Researchers Uncover Alzheimer’s Link to Past Medical Treatments

by Denis Storey
January 31, 2024 at 9:15 AM UTC

A new study has revealed at least five cases of Alzheimer’s disease stemming from decades-old medical treatments.

Clinical Relevance: A recent study by researchers at University College London reveals evidence of at least five cases of Alzheimers disease resulting from decades-old medical treatments.

  • The cases are linked to childhood treatments using cadaver-derived human growth hormone (c-hGH) administered to over 1,800 children in the UK between 1959 and 1985 to address short stature.
  • Eight patients treated with c-hGH at a young age were studied, with five showing signs of dementia and Alzheimers, one meeting criteria for mild cognitive impairment, and biomarker identification supporting diagnoses in some cases.
  • The study highlights that while this transmission route is obsolete due to the discontinued treatment, there is no suggestion that Alzheimers can be casually transmitted between individuals in daily life or routine medical care.

As if Alzheimer’s isn’t frightening enough, a new study has revealed at least five cases of the disease stemming from decades-old medical treatments.

A team of researchers at University College London found the first recorded evidence of medically acquired Alzheimer’s. The researchers found evidence to blame the transmission on the amyloid-beta protein.

Childhood Treatments Return in the Worst Way

The study, published in Nature Medicine, documents multiple patients who’d received treatment as children with cadaver-derived human growth hormone or c-hGH. 

U.K. medical professionals administered these treatments to more than 1,800 kids between 1959 and 1985. Doctors used these treatments to combat multiple causes of short stature. Doctors halted the treatment in 1985 after regulators found that some c-hGH batches contaminated with prions (infectious proteins) known to cause Creutzfeldt-Jakob disease (CJD). As a result, physicians resorted to a synthetic substitute.

Earlier research showed that because of the CJD, some of these patients developed deposits of the amyloid-beta protein in their brains.

Alzheimer’s Study Specifics

This latest paper recounted the stories of eight children whose doctors referred them to UCLH’s National Prion Clinic at the National Hospital for Neurology and Neurosurgery in London. Doctors treated all of them with c-hGH, which typically lasted for years.

Five of these patients later reported signs of dementia. And doctors either had already diagnosed Alzheimer’s or would have. The study documented a sixth who met the criteria for mild cognitive impairment.
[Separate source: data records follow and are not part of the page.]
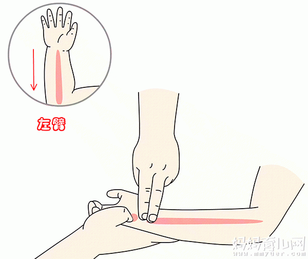 用一只手握住孩子的手腕,使其掌心向上,然后用中指、食指指腹自孩子腕横纹推向肘横纹直推,推的方向一定是从腕到肘,不可反向操作!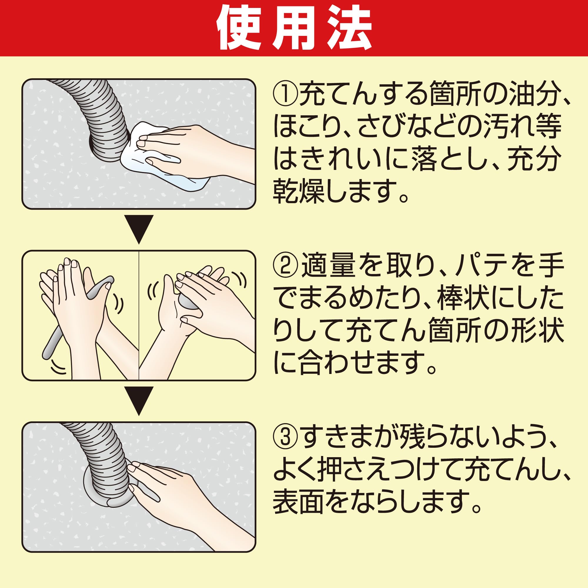 用途:クーラー配管の壁穴・流し台の排水管の取付穴の隙間等の充てん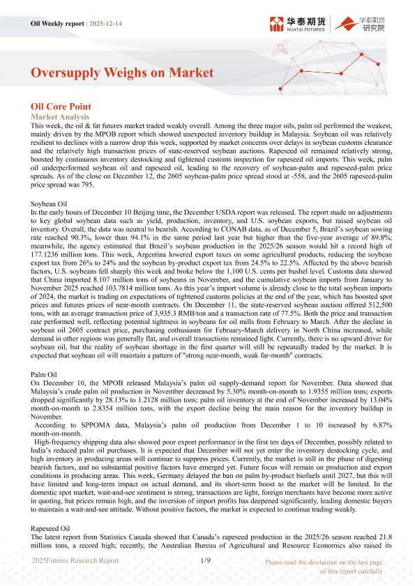 【华泰期货】【202512】Oil Weekly report| Oversupply Weighs on Market-9页

These patients were between 38 and 55 years old when they started experiencing neurological symptoms. Biomarker identification supported the diagnoses of Alzheimer’s in two patients and appeared suggestive of the condition in one other person. Finally, an autopsy uncovered Alzheimer’s pathology in a fourth patient.

A Contrary Alzheimer’s Presentation

The atypically younger age at which these patients developed symptoms hints that they didn’t experience the traditional random bouts of Alzheimer’s presentation, which researchers typically connect to much older patients.

In each of these cases, the researchers were able to eliminate a genetic link.

“We have found that it is possible for amyloid-beta pathology to be transmitted and contribute to the development of Alzheimer’s disease,” first author Dr Gargi Banerjee, with the UCL Institute of Prion Diseases, explained. “This transmission occurred following treatment with a now obsolete form of growth hormone, and involved repeated treatments with contaminated material, often over several years.”

A Singular Source of Transmission

It’s worth adding that the researchers emphasized that since the medical community abandoned c-hGH treatment years ago, this type of transmission is obsolete. And they haven’t been able to document any reported cases of Alzheimer’s acquired from other medical procedures. They added that patients can’t transmit amyloid-beta casually.

“There is no suggestion whatsoever that Alzheimer’s disease can be transmitted between individuals during activities of daily life or routine medical care,” lead author Professor John Collinge, Director of the UCL Institute of Prion Diseases and a consultant neurologist at UCLH, insisted.

Nevertheless, the team stressed the importance of safeguards to prevent the accidental transmission of amyloid-beta.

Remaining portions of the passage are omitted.